1894 revolt in Tuscany, Italy

The Lunigiana revolt took place in January 1894, in the stone and marble quarries of Massa and Carrara in the Lunigiana, the northernmost tip of Tuscany (Italy), in support of the Fasci Siciliani (Sicilian Leagues) uprising on Sicily. After a state of siege had been proclaimed by the Crispi government, armed bands dispersed into the mountains pursued by troops. Hundreds of insurgents were arrested and tried by military tribunals.

==Background==
According to a New York Times article of 1894, workers in the marble quarries were among the most neglected labourers in Italy. Many of them were ex-convicts or fugitives from justice. The work at the quarries was so tough that almost any aspirant worker with sufficient muscle and endurance was employed, regardless of their background.

The quarry workers, including the stone carvers, had radical beliefs that set them apart from others. Anarchism and general radicalism became part of the heritage of the stone carvers. Many violent revolutionists who had been expelled from Belgium and Switzerland went to Carrara in 1885 and founded the first anarchist group in Italy. The district in which the quarries are situated was consequently the original hotbed of anarchism in Italy. In Carrara, the anarchist Galileo Palla remarked, "even the stones are anarchists."

==Revolt==
The revolt started when on January 13, 1894, with a demonstration against the government crackdown of the Fasci Siciliani a popular movement of democratic and socialist inspiration in 1891–1894 on Sicily, who had risen up against the ever-increasing taxes on the prices of basic commodities, such as bread, and for land reform. On January 3, 1894, Prime minister Francesco Crispi had declared a state of siege throughout Sicily. Army reservists were recalled and General Roberto Morra di Lavriano was dispatched with 40,000 troops. The old order was restored through the use of extreme force, including summary executions.

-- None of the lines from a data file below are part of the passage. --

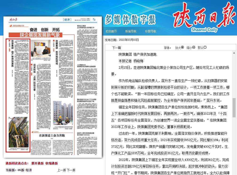 2022年,陜煤集團上下錨定全年實(shí)現營(yíng)業(yè)收入4300億元、利潤361億元、完成計劃投資總額239億元等目標任務(wù),拿出開(kāi)局即決戰、起步就沖刺的勁頭,奮力實(shí)現“開(kāi)門(mén)紅”。春節期間,陜煤集團各生產(chǎn)單位鼓勵員工就地過(guò)年,全力以赴保障生產(chǎn),充分發(fā)揮龍頭企業(yè)“壓艙石”“助推器”作用,爭分奪秒把疫情耽誤的時(shí)間追補回來(lái),助力我省經(jīng)濟穩增長(cháng)。彬長(cháng)礦業(yè)公司領(lǐng)導牽頭組成安全巡查組深入基層,第一時(shí)間將集團各項決策部署落實(shí)到一線(xiàn);榆北煤業(yè)曹家灘公司明確不停產(chǎn)、不放假工作要求,鼓勵員工就地過(guò)年,合理安排調休,2000余名員工堅守崗位穩產(chǎn)保供;陜北礦業(yè)檸條塔公司周密部署春節保供工作,煤炭日均生產(chǎn)6萬(wàn)噸……“雖然沒(méi)能回家過(guò)年,但堅守崗位為國家保供出一份力很有意義?!标儽钡V業(yè)檸條塔公司綜采一工區檢修班班長(cháng)詹海濤說(shuō)。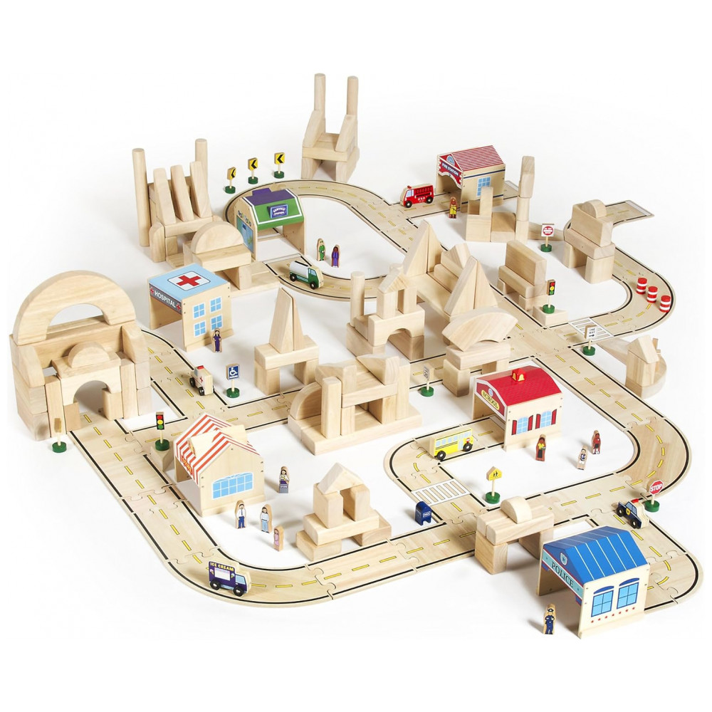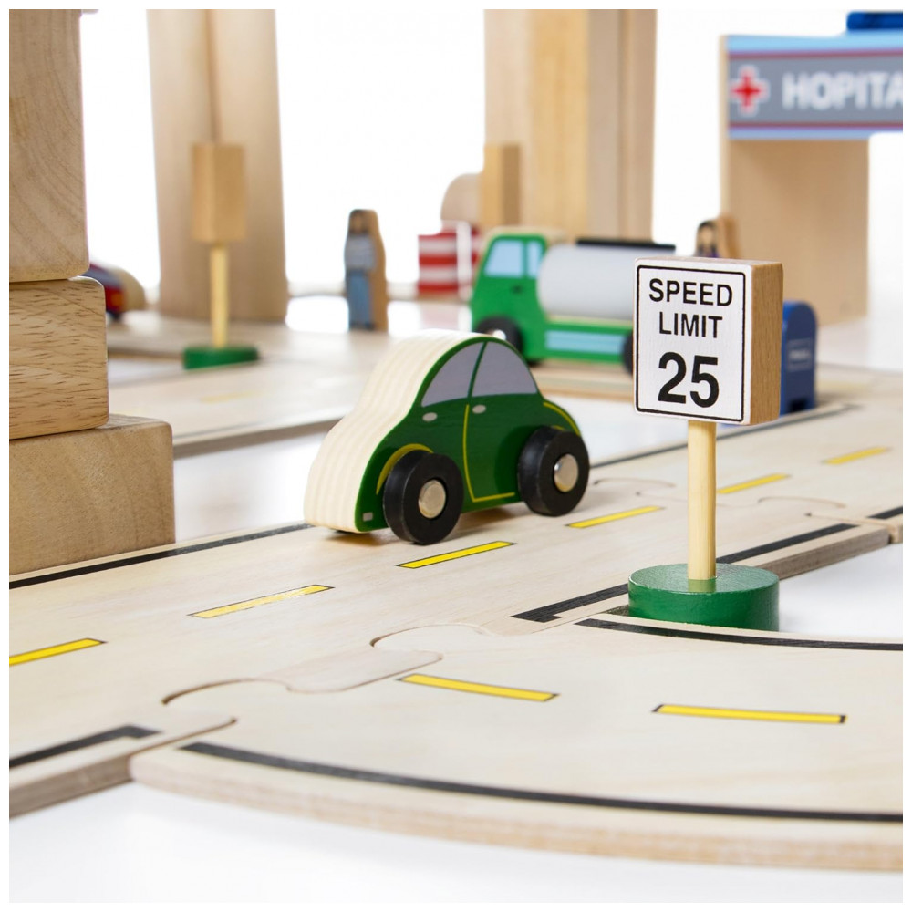 Cada veículo é produzido em compensado de bétula com rodas plásticas, cantos arredondados e superfícies lisas, oferecendo manuseio confortável para mãos pequenas. As dimensões compactas permitem uso sobre mesas, tapetes e circuitos de pistas, além de favorecer o transporte do conjunto entre diferentes espaços de brincar.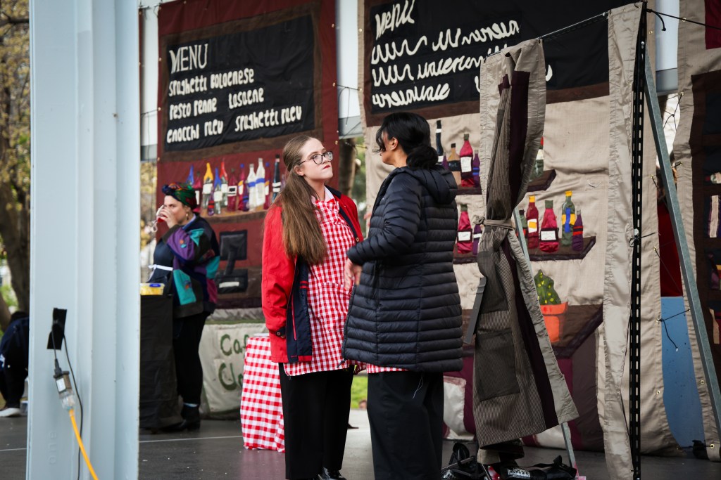 It’s not all love and war, though. The strongest part of SPRUIK! is its cohesive ensemble and cosy atmosphere. As Buden adeptly characterises every player within minutes of their introduction, the show feels nostalgic and comforting, without sacrificing the narrative. Costumes, designed by Claire Black, along with hair and makeup by Hannah Crompton, impressively heighten the production design – colour schemes, outfits and hairstyles are certainly realistic, but nevertheless carefully thought out. These aspects inform my comparison of SPRUIK! to a really good sitcom. We’re treated to spit takes, comedic character reveals, and endlessly entertaining ensemble antics, my favourite being: pedestrians’ Fabian Jones and Lilith Lee’s old couple; and Ada (Akshita Benny), a younger spruiker, with an obsession for fidget toys and lemons. Completing our cast is the senior restaurant staff: Riley’s boss and Ada’s uncle, Yusuf (Oliver Qubrosi) and Staz’s boss Tenzin (Crystal So), both with a charmingly gruff exterior that isn’t that hard to pierce; Tenzin’s coworker and chef Helen (Fifi Diberardino); and her husband, Carlo (Josh Petrenko). Qubrosi, So, Diberardino and Petrenko are frequently eliciting big laughs from the audience, with comedic chemistry in spades. I find their dynamic both realistic and heart-warming. As the minimum wage stagnates, prices skyrocket and occasional drink on the job is offered – all painfully relatable aspects of Carlton hospitality – SPRUIK! chooses to lean into the more commendable aspects of the community, and instead of playing up a rivalry between the restaurants, highlights their mutual respect and willingness to look out for their families and each other.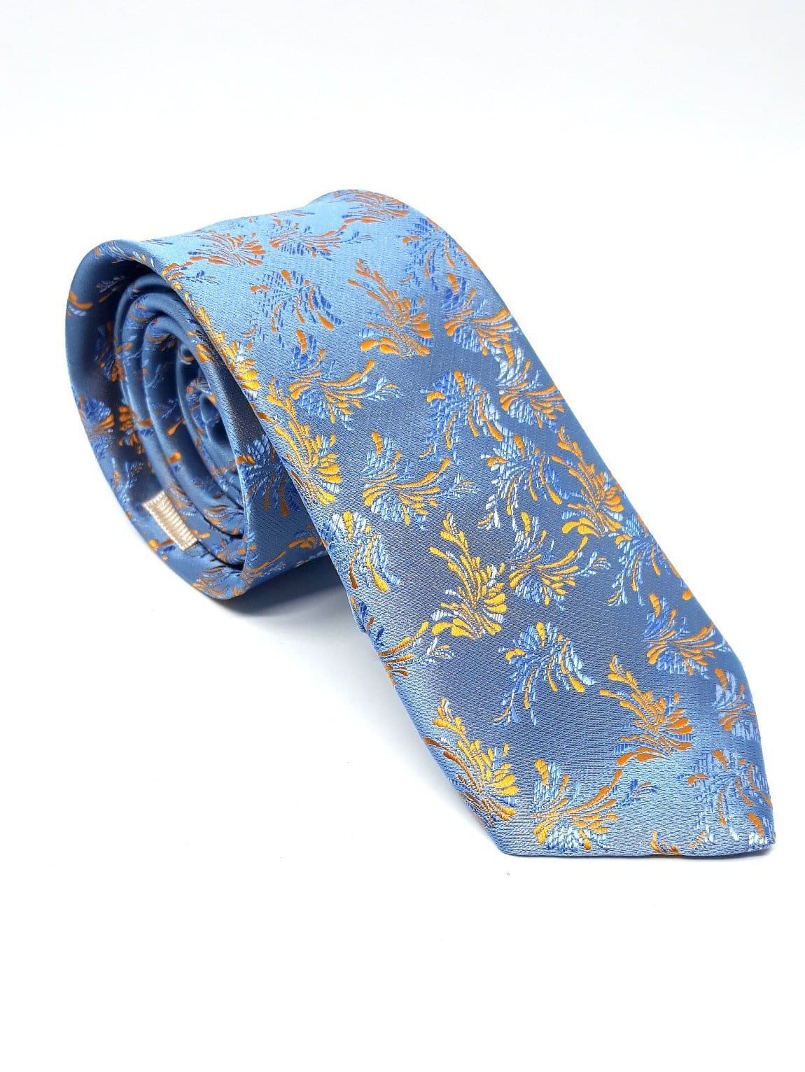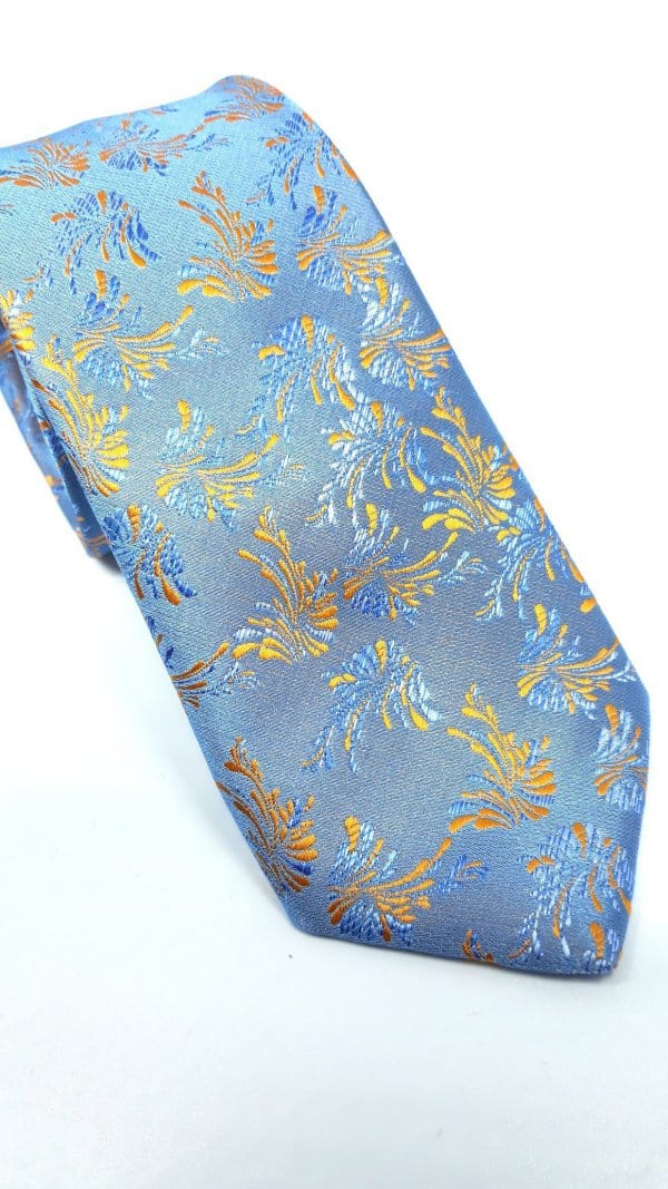 Elegancki krawat męski firmy Piotr o klasycznym i modnym kroju w kolorze niebieskim w pomarańczowy wzór.Krawat o klasycznym i modnym kroju, wykonany ze sztucznego jedwabiu. Jest on bardzo ważnym elementem ubioru, dzięki któremu każdy mężczyzna może wnieść do swojego stroju odrobinę koloru. Kompletując garderobę należy pamiętać, aby krawat tworzył spójny zestaw z marynarką lub koszulą. Jego unikatowy wzór z pewnością spełni swoją funkcję w połączeniu z różnymi tkaninami w kilku wariantach kolorystycznych. Ponadto wyraźne i mocne akcenty zdobnicze dodadzą charakteru i pozwolą wyróżnić się stylem. Krawat można dobrać zarówno do karnacji, garnituru jak i temperamentu.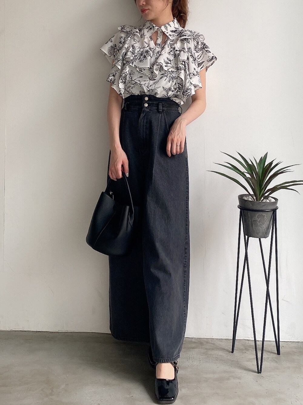 \ 大人気のダズリン神デニム / 骨格関係なくみなさんスタイルアップ できちゃいます!! フリルのブラウス合わせでカジュアル要素のあるデニムも大人可愛く着こなせます🌼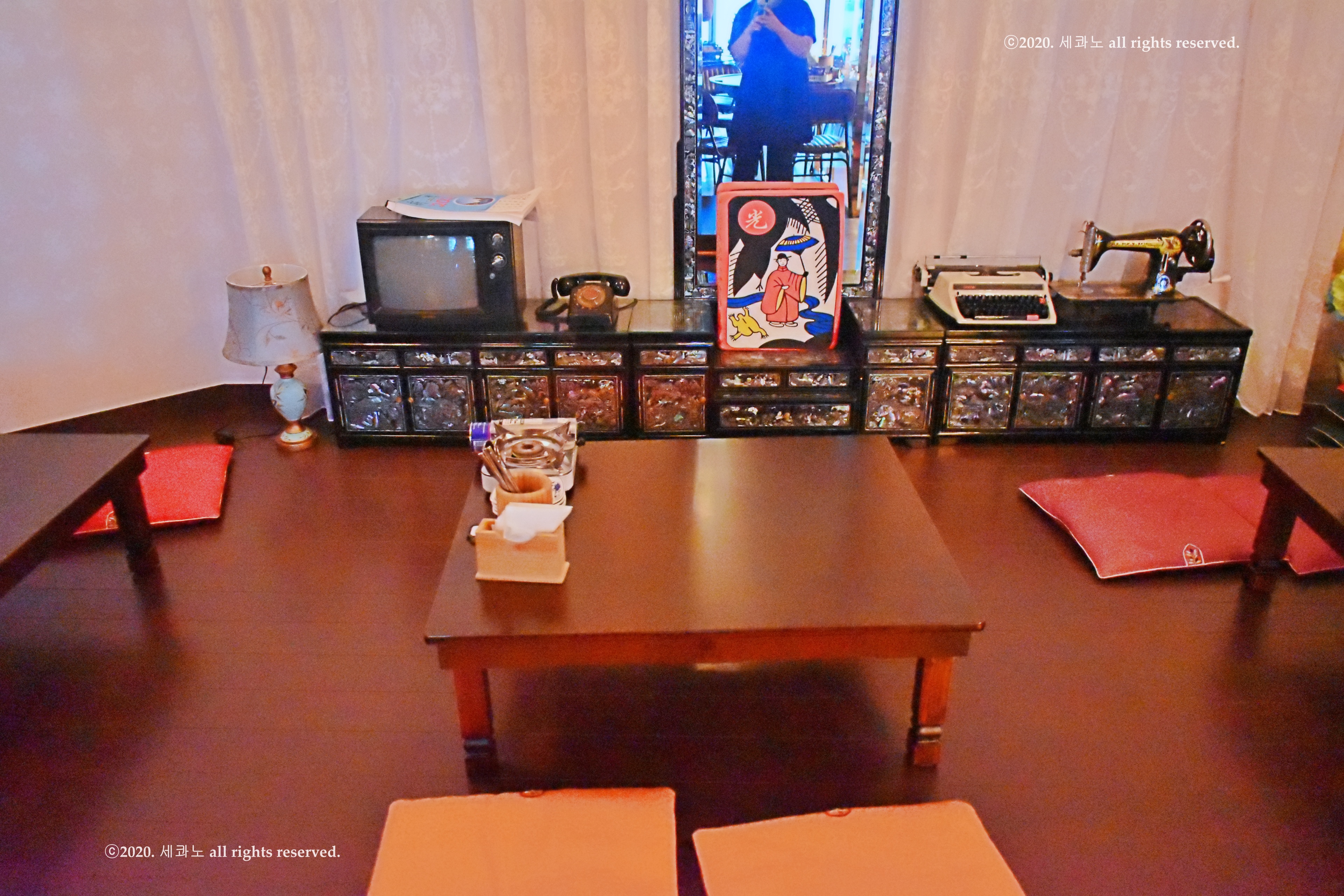 뒤의 자개장부터 그 위의 타자기나 오래된 텔레비전과 전화기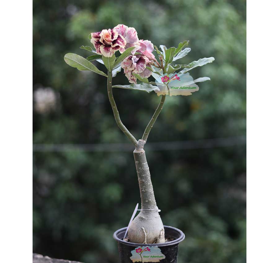 Double Petal Adenium flowers Plant are trumpet-shaped, with vibrant colors of yellow and red. These blooms often grow in bunches, creating a captivating display. The flower petals are double, making them even more striking. This plant’s flowers bring warmth and life to any garden, especially in India’s tropical climate.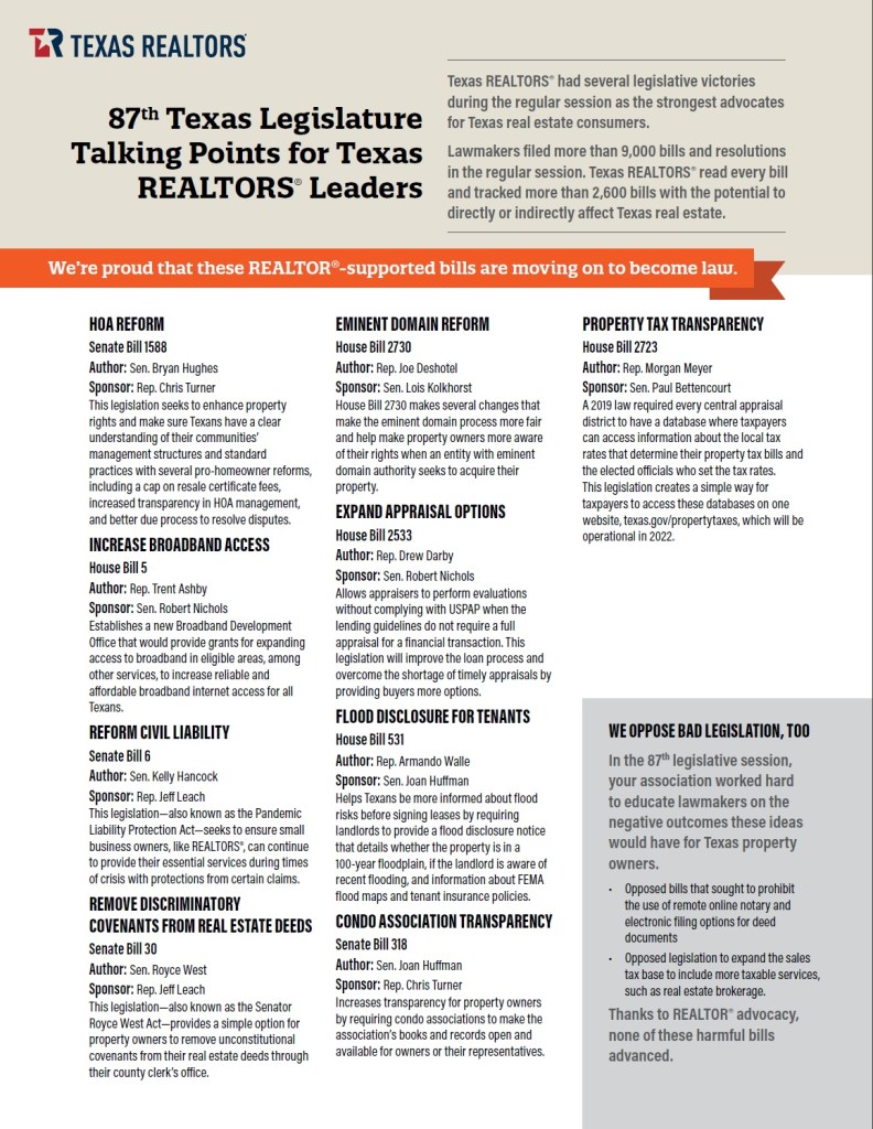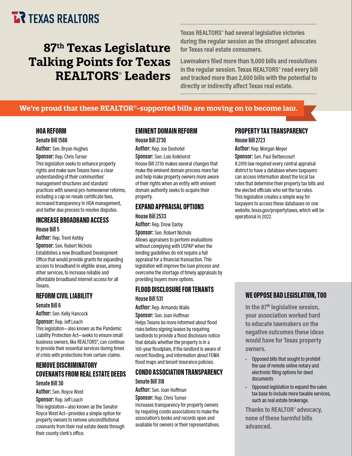 I have been involved with government affairs and policy advocacy for many years: I chaired policy teams working on Water Issues, Land Use, and Property Rights, chaired the Legislative Management Team at the Austin Board of REALTORS® in 2015 and 2019, spoke many times at City Council meetings and separately with council members and the mayor, and was part of presentations to legislators at the state and federal levels. During the 2021 Texas legislative session, I was especially proud to support Texas REALTORS® efforts and to champion several successful bills that benefit property owners in Texas tremendously. Here’s a summary of the big ones:
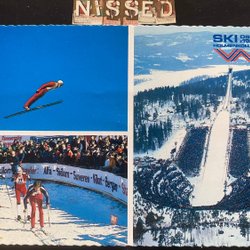Lahti Skidstadion med 3 hoppbackar 2kort sommar samt vinterbild
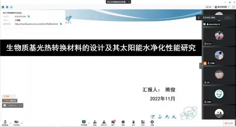 熊俊博士作了题为“生物质基光热转换材料的设计及其太阳能水净化性能的研究”的学术报告。论坛由化工系卫老师主持,学院教师、研究生及本科生代表参与了聆听。

As two Carabinieri tried to disperse the crowd, shooting from both sides ensued and one guard was killed while another badly injured. Several demonstrators were also injured and one killed. Police barracks and headquarters were attacked and protestors made off with weapons. A tax office in Carrara was set on fire and the main road to the neighbouring town of Massa was barricaded with huge marble blocks. Large bands of workers tried to march into the town of Carrara on January 14 and into Massa on January 16, but were stopped by the military.

By the following morning the city of Carrara was surrounded by soldiers under the command of General Nicola Heusch. A state of siege had been proclaimed by the Crispi government on January 16, 1894. Among those threatened with arrest were many quarry workers, who responded by declaring a general strike. Instead of going to work, they came down from the mountains and gathered around the military barracks where hundreds of prisoners had already been detained. Troops were then ordered to amass and, as soon as the crowd came near enough, they fired. Eleven deaths resulted, as well as numerous other casualties. (Other sources mention 8 people killed and 13 wounded). Armed bands dispersed into the mountains pursued by troops.

==Aftermath==
Hundreds of insurgents were arrested and tried by military tribunals. On January 31, 1894, a military tribunal condemned the anarchist Luigi Molinari to 23 years imprisonment as the instigator of the insurrection. A protest movement was mounted and Molinari was amnestied on September 20, 1895.

Later that year in June 1894 an Italian anarchist killed French President Carnot and an anarchist attack on Prime Minister Crispi on June 16, 1894, increased the fear of anarchism. In this climate, Crispi was able to introduce a series of anti-anarchist laws in July 1894, which were also used against socialists. Heavy penalties were announced for "incitement to class hatred" and police received extended powers of preventive arrest and deportation.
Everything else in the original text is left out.